A former World Health Organisation (WHO) official has claimed that the BA.2 subvariant of Omicron has a basic reproduction number (R0) of around 12 (each infected person passes it on to 12 others), making it as infectious as measles, the most contagious disease known, and nearly six times as infectious than the original Wuhan strain (with an R0 of 2.5). Here’s the report in MailOnline.
Professor Adrian Esterman, a leading epidemiologist in Australia, said BA.2 is 40% more transmissible than the original variant.
He claimed it would have a basic reproduction number (R0) of around 12, meaning if left to spread unchecked every infected person would pass it to a dozen others.
It would make the sub-strain five times more infectious than the original Wuhan virus and one of the most contagious diseases known to science.
The claim would explain why the mutant virus was able to outstrip its parent strain in the U.K. in about a month and undermine China’s Zero Covid policy, which has until now managed to suppress every version of the virus.
Explaining his methodology, Professor Esterman said: “The basic reproduction number (R0) for BA.1 is about 8.2, making R0 for BA.2 about 12. This makes it pretty close to measles, the most contagious disease we know about.”
The R0 number is the average number of people each BA.2 patient would infect, if there was no immunity in a population or behavioural changes.
But most scientists say there is no reason to be concerned over the variant because it is just as mild as the original Omicron.
The BA.2 subvariant is now behind almost every case in England, or 83% of infections last week, according to official estimates.
It became dominant three weeks beforehand, accounting for 52% of all infections in the week to February 20th.
The Office for National Statistics (ONS) estimates cases have been rising since mid-February, with one in 25 people in England estimated to have been infected last week.
Hospitalisations are also creeping up, but the majority appear to be incidental – when someone tests positive after admission for another illness.
But how accurate are these estimates of infectiousness? The UKHSA (and previously PHE) publishes estimates of the secondary attack rates (SARs; the proportion of contacts an infected person infects) of the coronavirus variants in its Technical Briefings. I have plotted some of them in the chart below.

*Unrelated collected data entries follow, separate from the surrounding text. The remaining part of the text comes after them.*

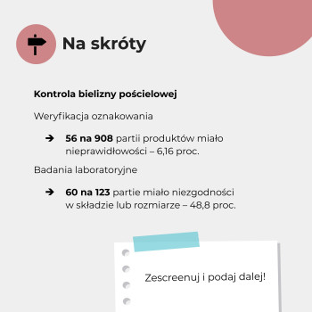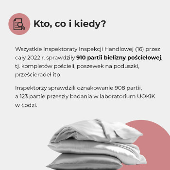 - Sprawdziliśmy 910 partii bielizny pościelowej – kompletów pościeli, poszewek na poduszki, prześcieradeł. 123 partie zbadaliśmy też w laboratorium.
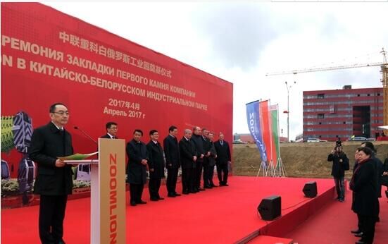 2014年,中白工業(yè)園項目在白俄羅斯首都明斯克近郊正式奠基動工;2015年5月,中聯(lián)重科作為首批中資企業(yè)正式入駐“絲綢之路經(jīng)濟帶”的旗艦項目“中白工業(yè)園”。2015年12月30日,中聯(lián)重科與MAZ集團首批合資組裝設備正是在莫吉廖夫下線的。據(jù)了解,首批下線的設備包括40噸汽車起重機,60噸汽車起重機和16噸環(huán)衛(wèi)掃路車,品牌命名為ZOOMLION-MAZ。2017年2月,中聯(lián)重科與MAZ的合資公司正式成立。除與MAZ集團的合作外,中聯(lián)重科還在白俄羅斯積極拓展如環(huán)境治理、農(nóng)業(yè)機械等領域的合作。
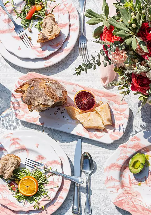 From our Country Estate Collection n irresistibly pretty pink- – “If music be the food of love, play on…” Our lovely tray illustrates the perfect ingredients for a bit of romance: fondness of dancing, a little moonlight, and a fabulous garden party. Lavish it with our Amalia Champagne flutes filled to the brim with golden bubbly and pass it along. Featuring: Garden Party, Rose Arbor, and Hen House.
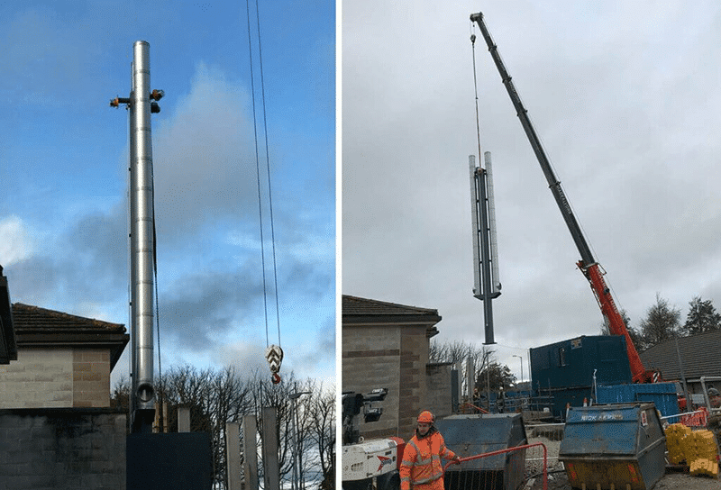 WB Power provided a twin-wall exhaust flue for each new generating set. The flues were designed and installed to exit the room adjacent to the discharge attenuators. They then rose up a mast to a height of 15m. Due to incoming emergency aircraft on the hospital grounds, the flue included three aircraft warning lights and lightening protection.
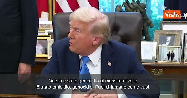 "Non è forse vero che qualcuno ha commesso un genocidio il 7 ottobre? Cosa ne pensi? Quello è stato genocidio al massimo livello. È stato omicidio, genocidio. Puoi chiamarlo come vuoi. Ma piccoli bambini sono stati tagliati a metà. Le braccia sono state tagliate alle persone. Le teste sono state mozzate. Questo è genocidio. È genocidio anche questo, credo" così il Presidente degli Stati Uniti Donald Trump, in un punto stampa alla Casa Bianca.
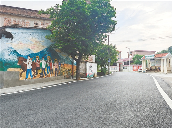 当天,记者走访蟠光村并体验了一趟徒步新村道,新铺设的沥青村道平整宽阔,与各具特色的墙绘及周边的绿化相映成趣,共同勾勒出美丽乡村景象,村民骑着电动自行车在平整宽阔的村道上来来往往,为村庄增添了蓬勃生机。
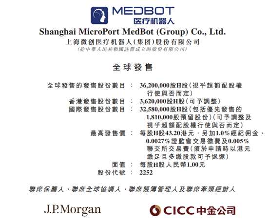 微創(chuàng)機器人(300024,股吧)今日公布發(fā)售文件,公司擬發(fā)行3620萬股H股,其中90%為國際發(fā)售,10%為香港發(fā)售,另有最多15%超額配股權,股票代碼0052,每股發(fā)行價36-43.2港元,每手500股,入場費2.18萬港元,今日起招股,招股時間為10月21日至10月26日,預期11月2日上市。
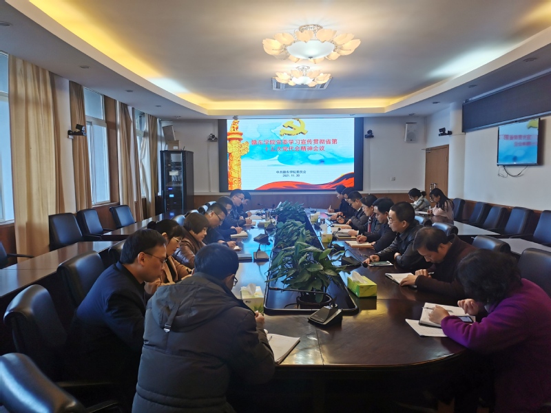 11月30日下午4时,市人大副主任、赣东学院党委副书记陈克胜主持召开会议,传达学习宣传贯彻省第十五次党代会精神。院领导邹自力、刘晓荣、龚升平、陈凌、周红娟、邱剑文出席会议,各系部书记、主任参加会议。
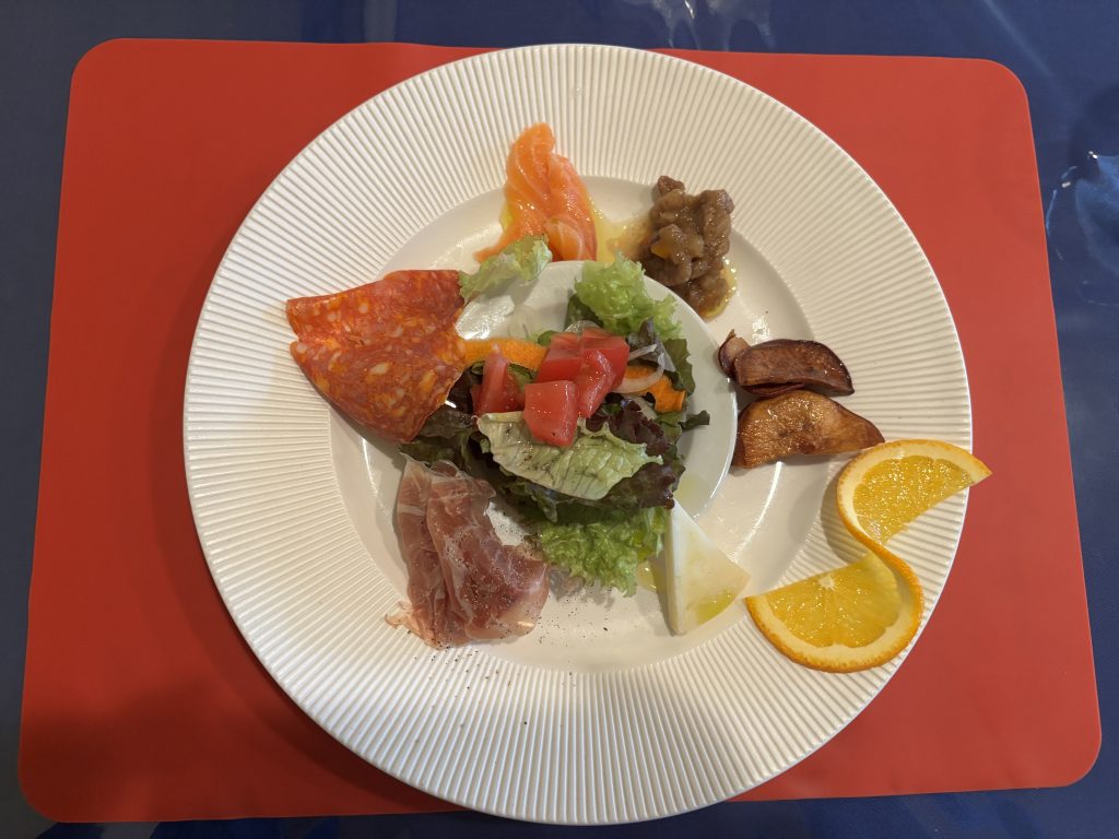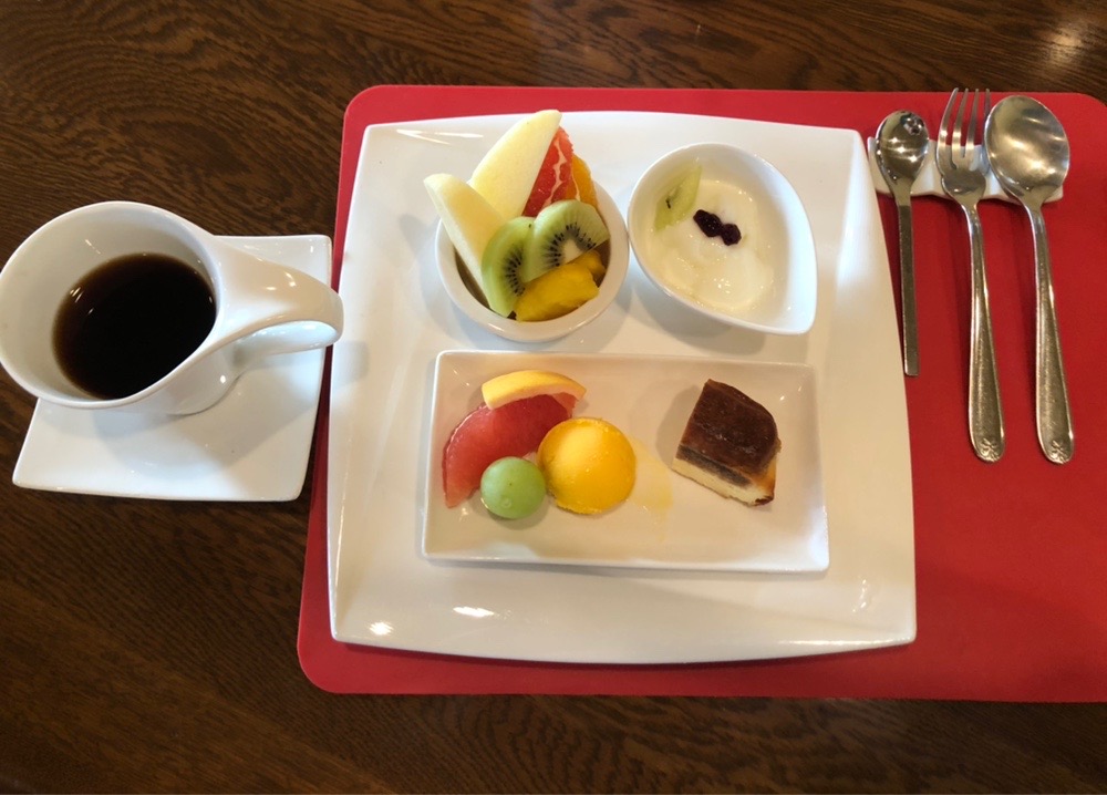 - フレッシュフルーツの盛り合わせ: キウイ、リンゴ(または洋梨)、グレープフルーツなどが、たっぷりの量で提供されています。みずみずしい酸味と甘みが、お口をリフレッシュしてくれます。
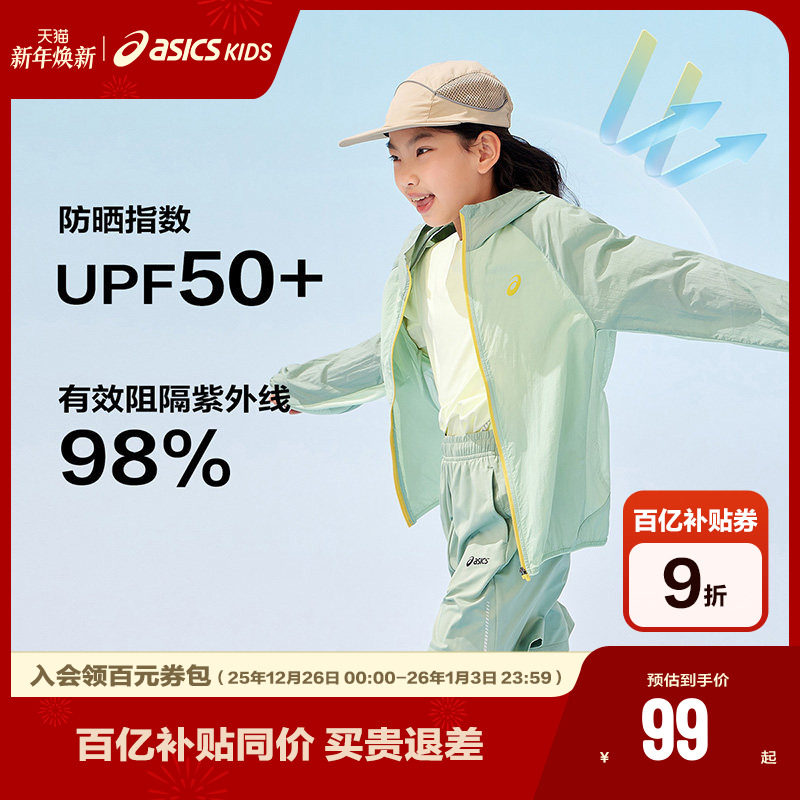 ASICS/亚瑟士童装25年夏新款男女UPF50+冰蝉翼防晒服梭织透气外套

While each data point comes from a PHE or UKHSA Technical Briefing, I should emphasise that these data are not entirely ‘clean’. In particular, the start dates for the studies vary. Also, the first two data points are “direct” SAR, then the next seven are overall SAR, and the rest are “household” SAR – ‘direct’ appears to be broadly comparable to ‘household’, while overall is similar to ‘household’ because the large majority of contacts are household contacts. Thus the anomalous dip in the Alpha SAR results in part from the start date switching to March for six data points. However, despite these limitations, the values are instructive as they give an indication of how the secondary attack rates of different variants change over time and compare with one another.
They show, for example, that the household or direct SAR of any coronavirus variant, as recorded by the U.K. Government, has not exceeded 16%. Alpha when it first appeared had a direct SAR of 15.6%, and Omicron had a household SAR of 15.8%. This means no variant has infected more than 16% of household/direct contacts, and equivalently 84% of household/direct contacts have remained uninfected. We also see that this SAR for each variant declines rapidly to around 10-11%, where it remains. The Delta variant shows that the decline doesn’t necessarily continue, and its SAR actually rose slightly as we went into autumn – a seasonal effect perhaps – sustaining its wave at a relatively low level throughout the second half of 2021. We also see subvariants AY.4.2 (Delta) and BA.2 (Omicron) emerge with higher SARs, which help to sustain their respective waves. BA.2 in particular had an SAR of around 14% when it first appeared, giving the Omicron wave its recent boost. Note, however, that BA.2’s SAR is still under the original Omicron’s initial SAR, and indeed that of Alpha in December 2020. It’s hard to reconcile this with the claim that BA.2 is several times more infectious than the Wuhan strain or Alpha variant, or as infectious as measles. UKHSA data suggest rather it is less infectious than Omicron was in December.
It might be argued that there is more population immunity for later variants, so that the SARs are not directly comparable. However, Omicron has shown significant immune evasion when causing infection, plus it’s hard to see increased population immunity making a huge difference for BA.2 compared to Omicron within a few weeks. Also, it could be argued that households are typically exposed all at once due to difficulties in avoiding exposure when living under the same roof, limiting the impact of population immunity on household transmission rates.
On the other hand, it may be true that population immunity is stunting the spread of new variants within households. It would be worth quantifying the size of this effect. But either way, the SARs as measured by UKHSA and PHE are significant indicators of the actual level of infectiousness of each variant in the current population. And, importantly, they show a disease that has not yet managed to infect more than 16% of household contacts.